__Work item__.
Restate the listing below word for word; no picture is to be carried over.

__Extracted information__.
--- --- ---

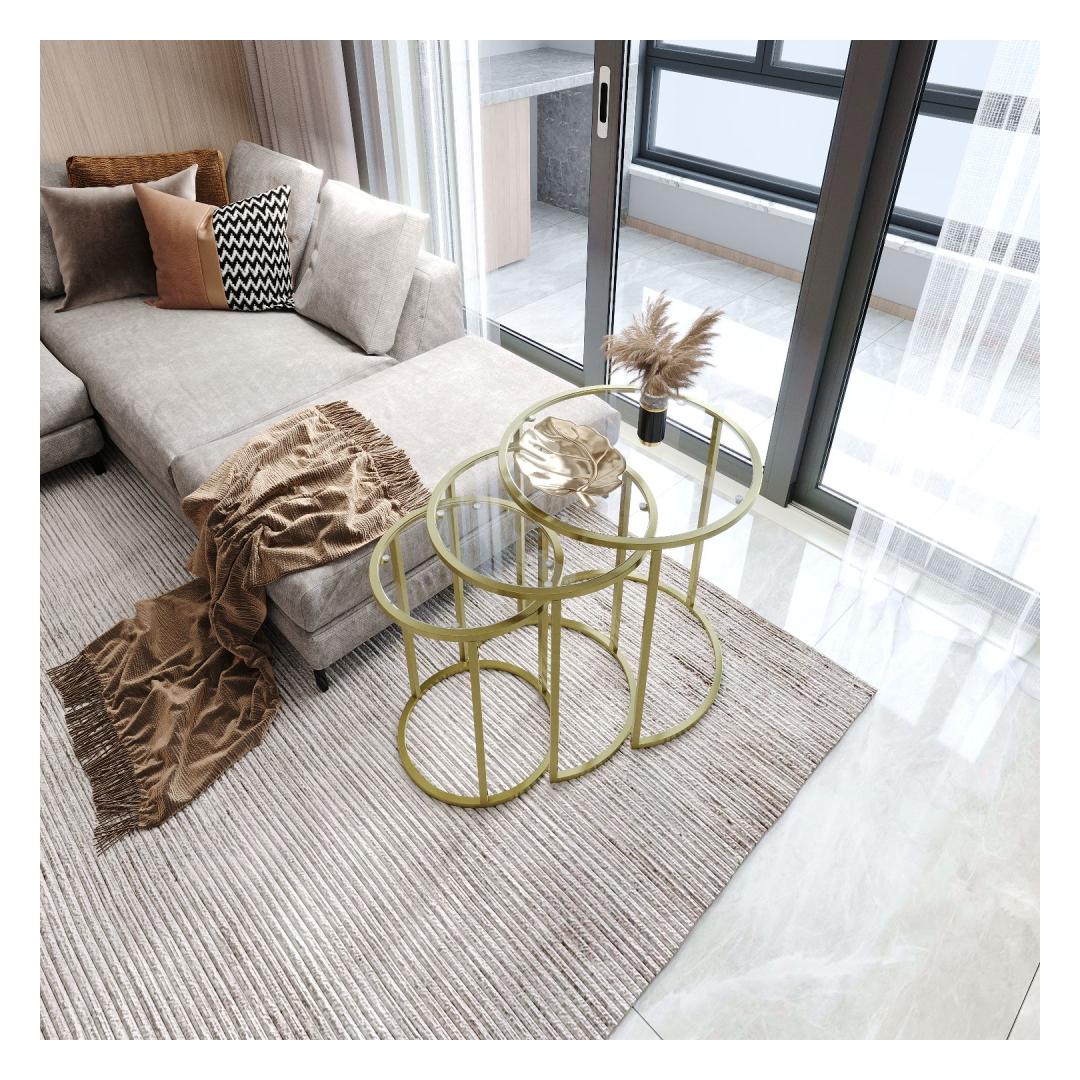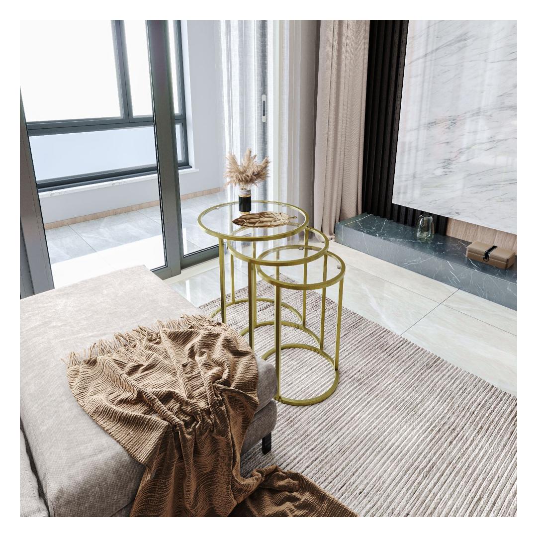 Are you looking to add a touch of elegance and sophistication to your living space? Look no further than our stunning Nesting Table set! This set of 3 tables is crafted with 100% tempered clear glass, giving it a sleek and modern look that will instantly elevate any room. The gold metal frame adds a touch of luxury, while the transparent glass top creates a sense of openness and light.
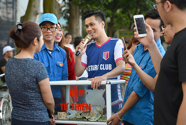 Sau đó, diễn viên Việt Anh rất năng nổ cầm hòm tự thiện đi giao lưu với khán giả và kêu gọi mọi người ủng hộ cho các bạn sinh viên nghèo hiếu học.
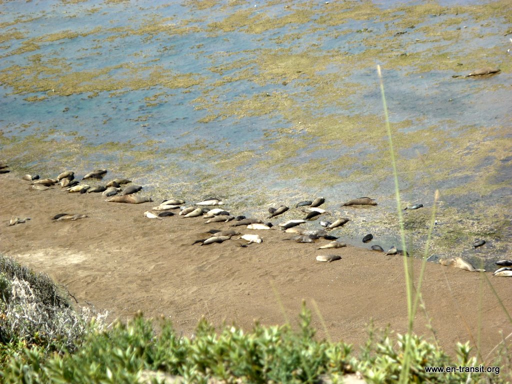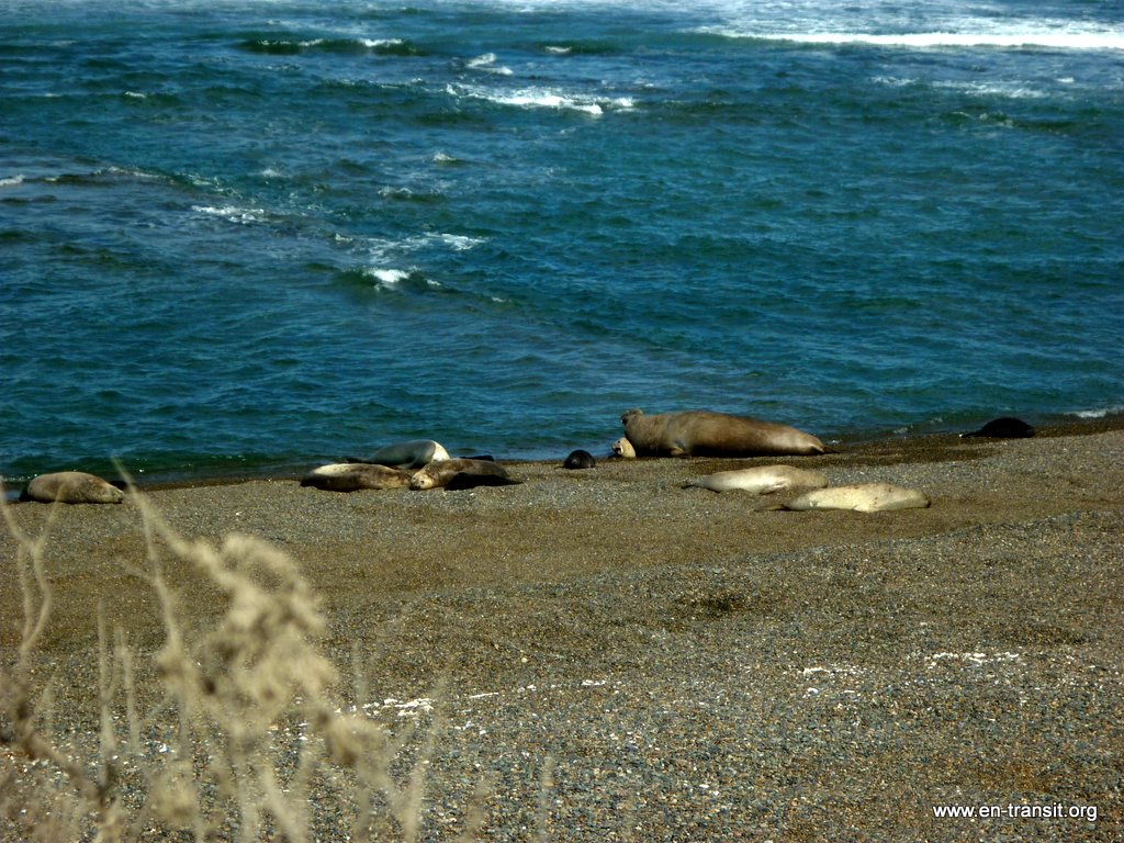 Après ce petit cours illustré nous allons lézarder en terrasse avec un café en attendant nos 2 acolytes qui pointent leur nez vers 11h. Et hop c'est parti pour un petit tour de la péninsule où nous allons voir plusieurs spots d'éléphants de mer. Le premier est un poil décevant car très loin. Mais le suivant nous offre un chouette spectacle. Comme leurs homologues lions, les éléphants de mer sont peu actifs à cette période de l'année. Ils se reposent de leur migration, muent et se reproduisent. Nous assistons à une scène violente où un mâle dominant (pacha) va punir une de ces femelles... Nous ne saurons jamais pourquoi...
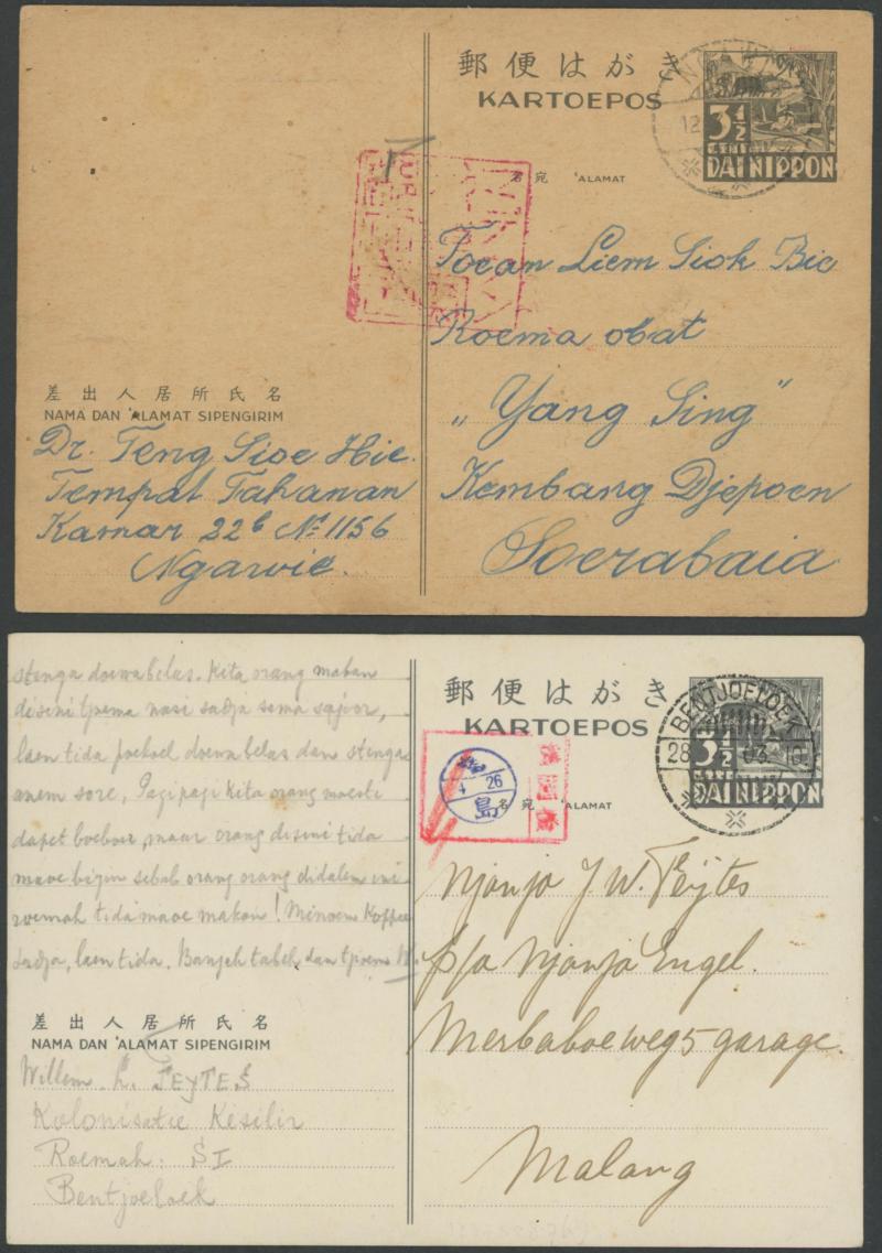 3½s grey x7 one with printed advertising for handicrafts & jewellery, and one Pictorials Village Scene 3½c orange-red, good range of censor markings and despatch postmarks including Bentjoeloek, Bondowoso, Kediri, Lawang, Pradjekan, Toeban, etc, a
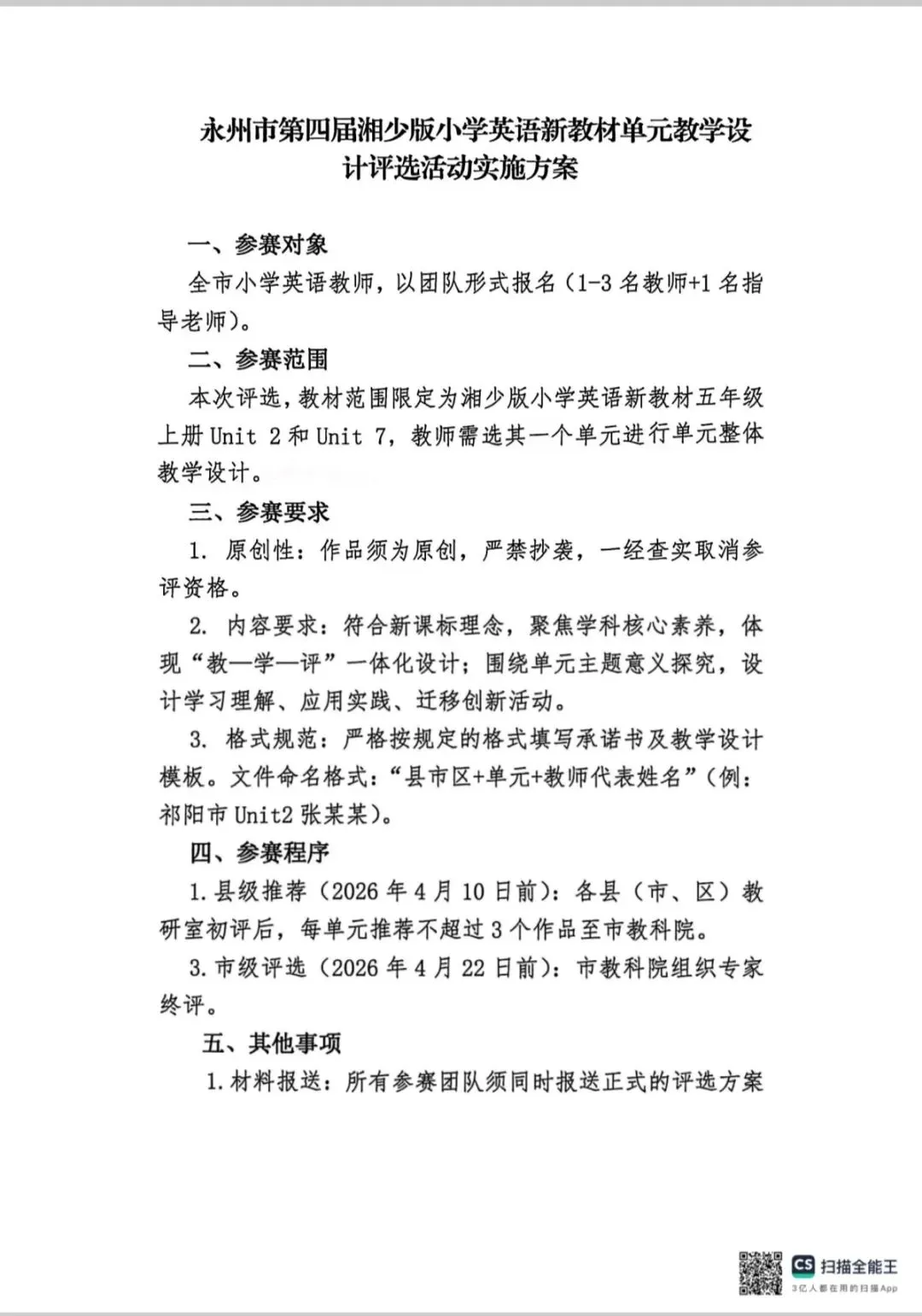 永州市~第四届湘少版小学英语新教材单元教学设计评选活动通知!截止日期:4月10日!

--- --- ---

__Result__.
 Are you looking to add a touch of elegance and sophistication to your living space? Look no further than our stunning Nesting Table set! This set of 3 tables is crafted with 100% tempered clear glass, giving it a sleek and modern look that will instantly elevate any room. The gold metal frame adds a touch of luxury, while the transparent glass top creates a sense of openness and light.
 Sau đó, diễn viên Việt Anh rất năng nổ cầm hòm tự thiện đi giao lưu với khán giả và kêu gọi mọi người ủng hộ cho các bạn sinh viên nghèo hiếu học.
 Après ce petit cours illustré nous allons lézarder en terrasse avec un café en attendant nos 2 acolytes qui pointent leur nez vers 11h. Et hop c'est parti pour un petit tour de la péninsule où nous allons voir plusieurs spots d'éléphants de mer. Le premier est un poil décevant car très loin. Mais le suivant nous offre un chouette spectacle. Comme leurs homologues lions, les éléphants de mer sont peu actifs à cette période de l'année. Ils se reposent de leur migration, muent et se reproduisent. Nous assistons à une scène violente où un mâle dominant (pacha) va punir une de ces femelles... Nous ne saurons jamais pourquoi...
 3½s grey x7 one with printed advertising for handicrafts & jewellery, and one Pictorials Village Scene 3½c orange-red, good range of censor markings and despatch postmarks including Bentjoeloek, Bondowoso, Kediri, Lawang, Pradjekan, Toeban, etc, a
 永州市~第四届湘少版小学英语新教材单元教学设计评选活动通知!截止日期:4月10日!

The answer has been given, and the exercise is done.